Just Another Sunday – I’ve always felt Sundays can be a little bit depressing. There was a great Scottish television play I remember seeing when I was a kid. A lot of it was filmed around the part of Edinburgh where I grew up and it starred a young Billy Connolly. It was called Just Another Saturday. I stole the title from that.

I love Kev’s bass line on this one.

Sand In My Shoes – I wrote this on the way home from our old Airstream trailer we have out in the desert in Joshua Tree, California. When talking to my dear old friend out there Michelle Delacy about why I couldn’t figure out why I had such a fascination for the desert coming from Scotland she told me it was because I had sand in my shoes! I love it out there among the hummingbirds. It’s another really simple song. The version that’s on the record is probably only the second time me and the guys had played it together. It’s very rough around the edges, but captures a really nice spirit. It was the first day in the studio and the only day Robert Reynolds was playing bass. We were all smiling and chilled out after we’d cut this and proceeded to finish off a few Sierra Nevada pale ales! Listen out for the hummingbird at the end.

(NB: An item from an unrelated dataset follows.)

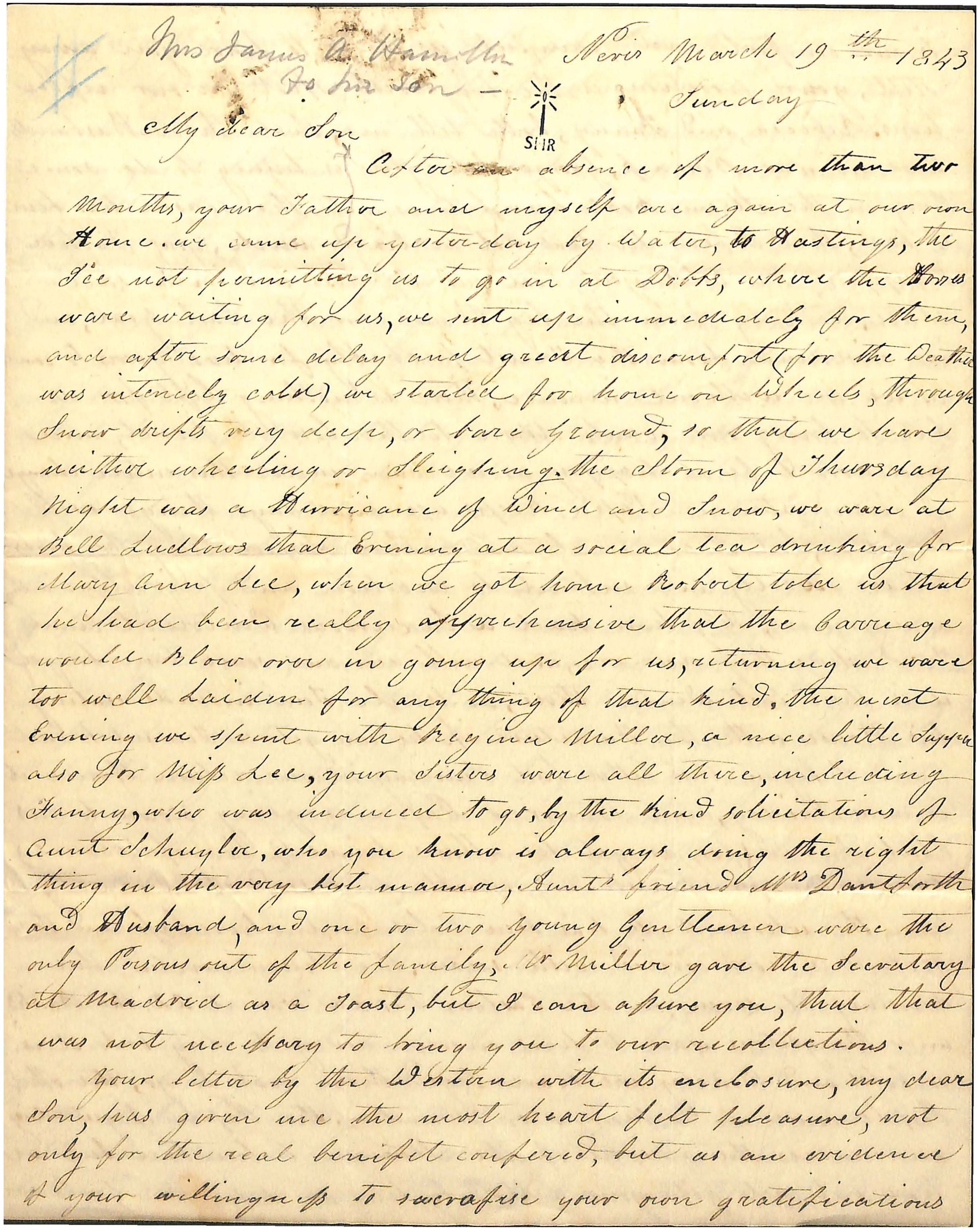 After our absence of more than two / months, your Father and myself are again at our own / House. We came up yesterday by Water, to Hastings, the / Ice not permitting us to go in at Dobbs, where the Horses / ware waiting for us, we sent up immediately for them, / and after some delay and great discomfort (for the weather / was intensely cold) we started for home on Wheels, through / Snow drifts very deep, or bare ground, so that we have / neither wheeling or sleighing. The Storm of Thursday / night was a Hurricane of Wind and Snow, we ware at / Bell Ludlows that Evening at a social tea drinking for / Mary Ann Lee, when we got home Robert told us that / he had been really apprehensive that the Carriage / would Blow over in going up for us, returning we ware / too well Laiden for any thing of that kind. The next / Evening we spent with Regina Miller, a nice little supper / also for Miss Lee, your sisters ware all there, including / Fanny, who was induced to go, by the kind solicitations of / Aunt Schuyler, who you know is always doing the right / things in the very best manner, Aunts friend Mrs Dantforth / and Husband, and one or two young Gentlemen ware the / only Persons out of the family, Mr. Miller gave the Secretary / at Madrid as a toast, but I can assure you, that that / was not necessary to bring you to our recollections.

This one’s for my good friend Bob Delacy who recently passed away after a long battle with illness.

Hallelujah – I guess you’d need to ask Robert Reynolds about this one as he wrote it. We had done a tour together with my band The Felsons. Robert was our special guest and when he played this song The Felsons would back him. I thought it would be nice to have a go at it. It’s the first time I’ve done a cover of someone else’s song on a record. Robert tells me he wants to record a couple of mine now. I’ll hold him to that!

Raining In Glasgow – I thought I’d started writing this while I was on tour in Australia a couple of years back, but recently came across an old journal from a tour I did with Al Perkins and Kevin Montgomery a few years back where I mentioned starting to write a song called Raining In Glasgow. So I reckon I had the title back then, but didn’t work on the song till I was touring Australia. Anyway it’s obviously a song about missing home. Even though I come from Edinburgh most of my best musical experiences have taken place in Glasgow and I like the people there. Edinburgh’s good to look at, but Glasgow’s good to touch.

Writing about being in the south of England which is where the idea of the song started went from there to the south of Australia where most of the lyrics where penned. It all ended with me singing this in The South of the US in Tennessee! Its funny how songs start and how they finish.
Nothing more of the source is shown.